VARIEGATE PORPHYRIA IN SOUTH AFRICA: A POPULATION-BASED STUDY TO DETERMINE THE FREQUENCY OF THE FOUNDER GENE MUTATION (R59W)
Warnich L, Koegelenberg AJ
University of Stellenbosch, Stellenbosch, South Africa
The incidence of variegate porphyria (VP) in the South African population of European descent is the highest in the world because of a founder gene effect and the gene frequency was estimated to be 0.3%. However, this estimate is questionable on the grounds of genealogical and biochemical methods used and as indicated by more recent records from diagnostic laboratories. According to earlier reports more than 80% of the estimated 10 000-20 000 South African individuals with VP remain undetected and are therefore at risk of potentially lethal acute neurological attacks. This poses a serious question regarding the actual frequency of VP, and specifically the founder gene mutation, in South Africa. Are there thousands of undiagnosed VP carriers in South Africa as genealogical studies and population growth curves have predicted, or is the allele frequency much lower than 0.3%? The aim of this study was thus to determine the prevalence of the founder mutation (R59W) with a highly specific DNA test. Blood samples were obtained at blood transfusion clinics, pathology clinics and maternity wards. For the initial screening we used SSCP analysis, which proved to be consistent and cost-effective. All R59W positive samples were re-tested using restriction enzyme analysis. The R59W mutation was detected in five of the 4637 samples collected to date. The estimated frequency of 0.15% (5/3311) for the founder mutation in South Africans of European descent is much lower than the frequency of 0.3% estimated previously. However, different frequencies were obtained within the various population samples and we suggest that a newborn baby population sample be used in the future, as it is the most unbiased sample source.
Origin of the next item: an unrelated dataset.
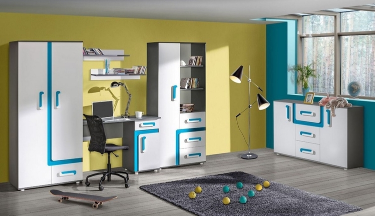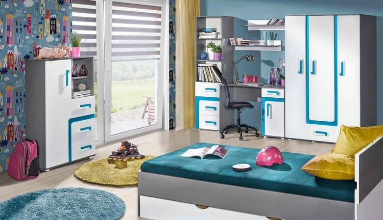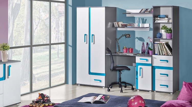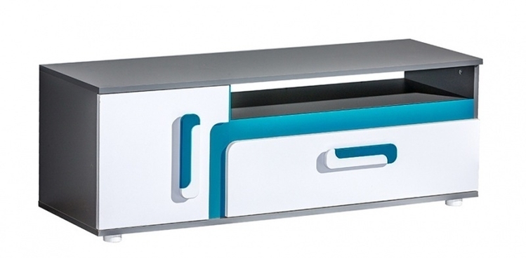 Televízny stolík APETTITA zo sektorového radu, ktorý sa vyznačuje netradičným spracovaním farieb a originalitou úchytov. Tento štýl nábytku zaujme každú mladšiu generáciu. Nábytok je vyrobený z kvalitnej LTD dosky hranenej ABS lištou. Korpus je vo farbe šedá antracit, dvierka a čelá zásuviek sú biele matné, doplnková farba je tyrkys. Úchytky sú vo farebnej kombinácii tyrkys/biela. Sektorový nábytok APETTITA má široký výber prvkov, ktorý Vám zaručí zostaviť si detskú alebo študentskú izbu, spálňu či kanceláriu podľa svojich potrieb, prianí a predstáv. Dodávame v demontovanom stave.CASA 23001
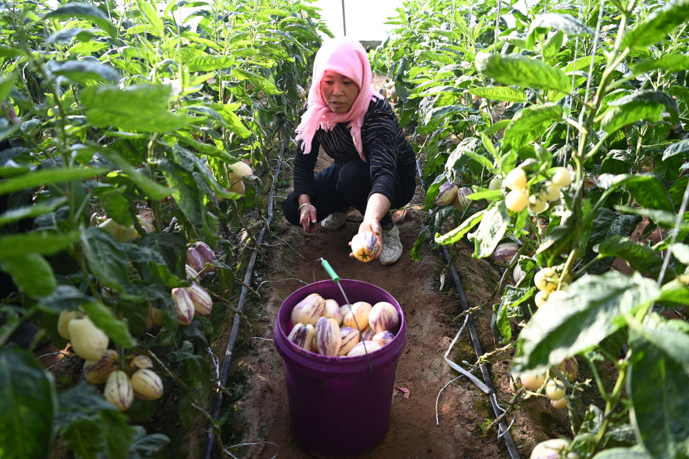 在古浪縣干城鄉(xiāng)富民新村日光溫室大棚內,村民采摘人參果。新華社記者范培珅攝

Interestingly, the highest frequency for the R59W mutation was obtained in this sample. One of the two adult R59W positive participants was unaware of her carrier status, in accordance with the incomplete penetrance of the trait. Two of the mothers of the three newborn babies found to be R59W positive were also not aware of VP in their families, indicating that ignorance regarding VP status in South Africa is a matter of some concern.